Levanté mi puño de nuevo, pero él lo agarró a tiempo.

-¡Suéltame! -dije-. ¡Lucie nunca fue tuya y nunca lo será!

El reloj dió las doce y las campanadas sonaron atronadoras. Fue un sonido horrible, fue el sonido de las puertas del infierno, fue el sonido de que se estaba agotando el tiempo. Me giré y corrí hacia el centro de la plaza, empujando a todo el mundo que se interponía en mi camino. Él me seguía de cerca, gritando mi nombre incansablemente.

Corrí hacia las escaleras del tren y las bajé de tres en tres. En la puerta de la estación había un cartel en el que ponía "cerrado" pero, aún así, pasé.

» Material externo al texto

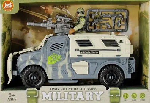 Kluczowym elementem zestawu jest samochód wojskowy z ruchomymi elementami, co przyciąga uwagę każdego dziecka. Na aucie umieszczony jest karabin, który zapewnia efekty dźwiękowe i świetlne. Do jego działania potrzeba 3 baterie AG13, które są dołączone do zestawu.Figurka żołnierza i akcesoria wojskowe
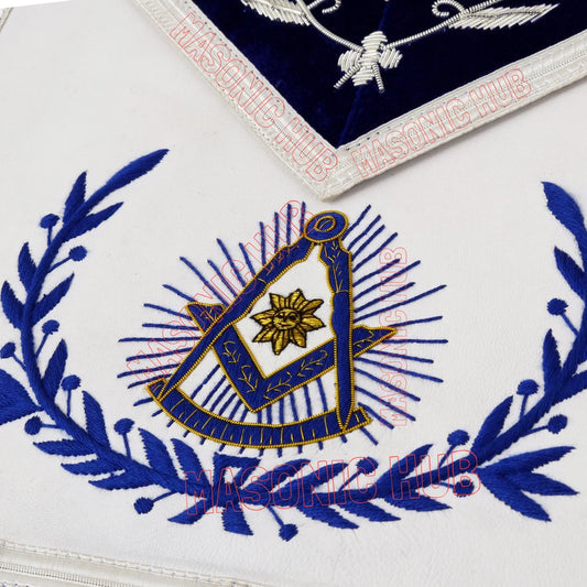 Past Master with Embroidered Border Masonic 100% Lambskin Apron -[Blue & White]

Corrí  por los largos pasillos y salté las máquinas de la estación hasta llegar al andén. Una vez allí, saqué una pistola de mi bota y apuntando cautelosamente al aire, caminé por el andén. Puse toda mi atención en que no me atacasen de improviso. Avancé por el andén hasta llegar al final de éste. De repente oí una agitada respiración detrás de mí y, asustada, me giré y apunté con la pistola.

-¡George, estúpido! - grité - ¿Te importaría no darme esos sustos?

George, como siempre, se colocó su gorro negro y asintió lentamente.

- ¿Y tú a mí? - dijo -. Te recuerdo que eres tú la que me está apuntando con una pistola.

Bajé la pistola. Con la luz de la estación, pude ver con claridad que su gabardina gris estaba llena de manchas. En su cara se reflejaba la consecuencia de estar largas noches sin dormir. Se agachó y se ató bien sus botas negras.

- ¿Por qué me sigues? -le pregunté tajantemente.

- Porque quiero a Lucie. La amo con locura. Quiero casarme con ella.

Chisté con fastidio. ¿Por qué el tio más idiota del mundo tenía que ser el que fastidiase mi vida y la de mi hermana? Continué caminando, con la pistola en alto. George me seguía muy de cerca, lo que me incomodaba en grado máximo. Al llegar al final del andén, salté a la vía y continué caminando.

-¿Qué te crees que estás haciendo? - dijo George.

Decidí no contestarle. Semejante idiota no se merecía ni que le dejase acompañarme a buscar lo que él había perdido.